Chociaż może się wydawać, że kohabitacja jest przede wszystkim funkcją wygody i oszczędności, prawie wszyscy dorośli postrzegają ją jako rytuał przejścia na drodze do małżeństwa. Pomysł, że mieszkanie ze swoim partnerem przed ślubem byłoby wygodne (9%) lub że pozwoliłoby zaoszczędzić na czynszu (5%) blednie w porównaniu z wartością testowania kompatybilności (84%) poprzez zabawę w dom przed zawarciem związku. Zdecydowanie najważniejszym powodem, dla którego pary kohabitujące spędzają ze sobą czas, jest chęć sprawdzenia swoich możliwości przed wzięciem ślubu.

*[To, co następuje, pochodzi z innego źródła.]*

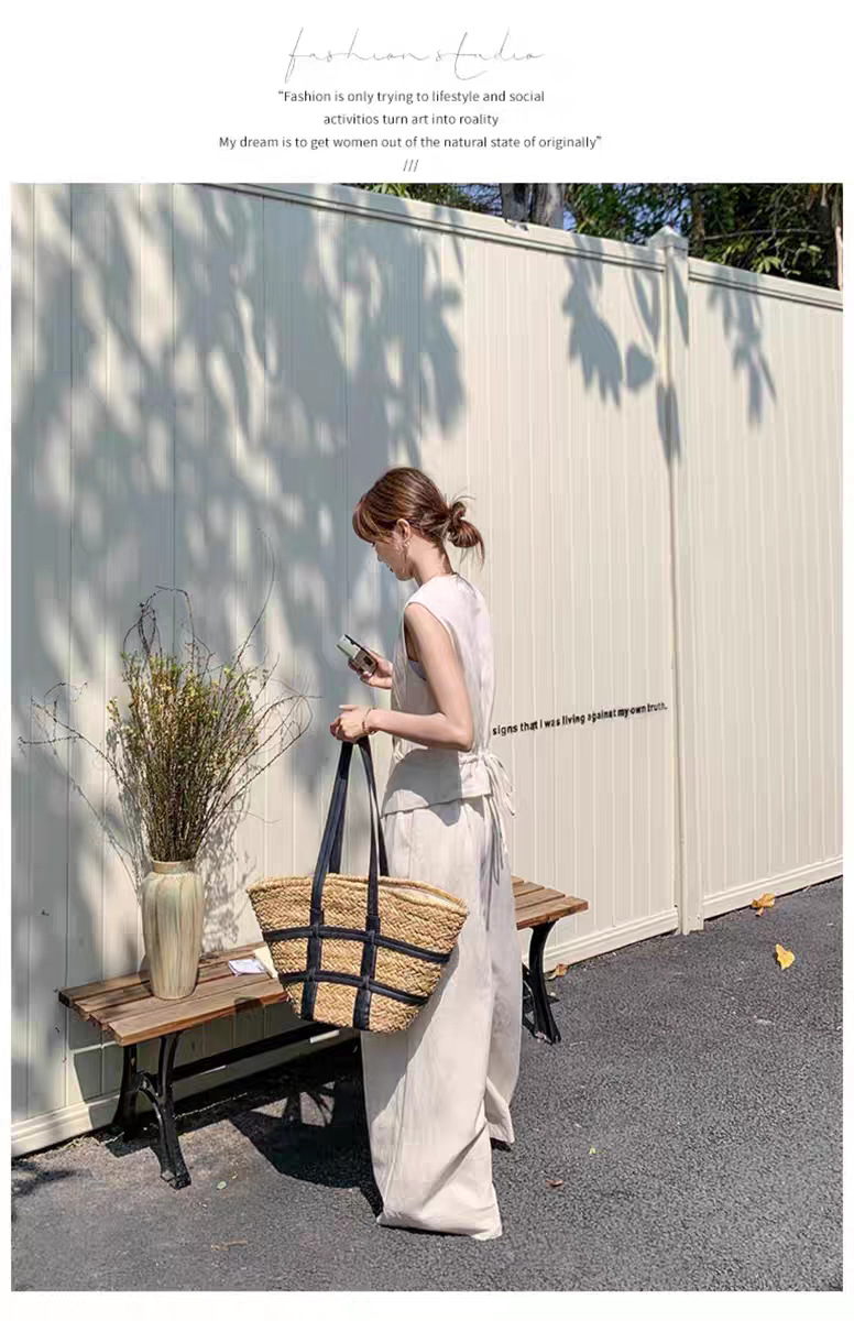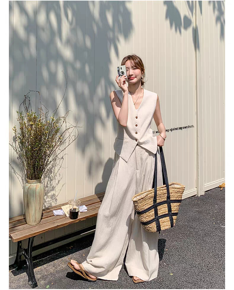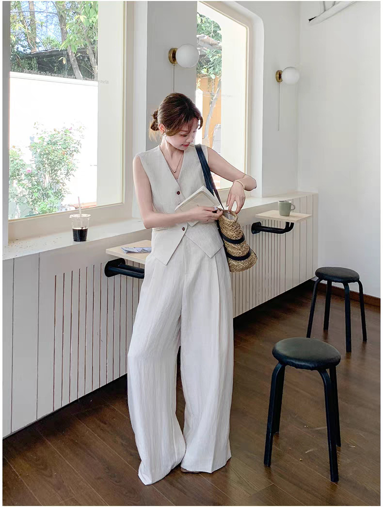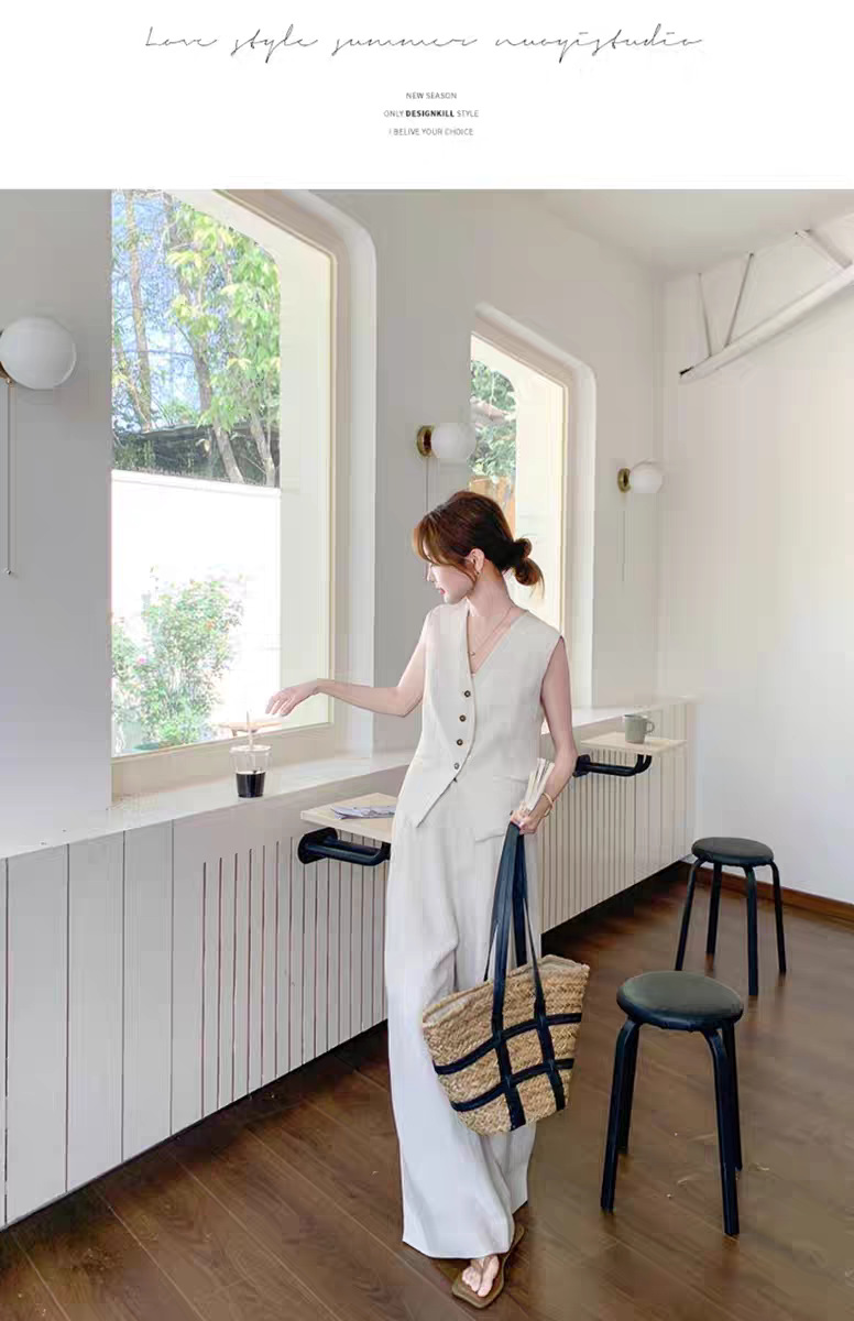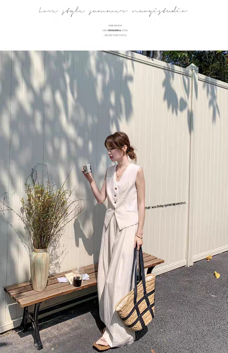 French temperament high-end wear suit women's summer new vest wide-leg pants early autumn two-piece set

Jak widzieliśmy wcześniej, najbardziej widocznymi przeciwnikami kohabitacji są ludzie religijni. Tak więc wśród tych, którzy uważają, że mieszkanie ze swoim partnerem przed ślubem nie jest dobrym pomysłem, największym powodem są – co nie jest zaskakujące – względy religijne (34%). Ponownie, pragnienie abstynencji przed ślubem jest tu głównym czynnikiem: 28% respondentów wybrało „Nie wierzę, że ludzie powinni uprawiać seks przed ślubem” jako swój największy powód, dla którego uważają, że kohabitacja jest złym pomysłem. Mniejsze znaczenie miały kwestie praktyczności (16%), wartościowanie rodziny i tradycji (12%) oraz inne powody (10%).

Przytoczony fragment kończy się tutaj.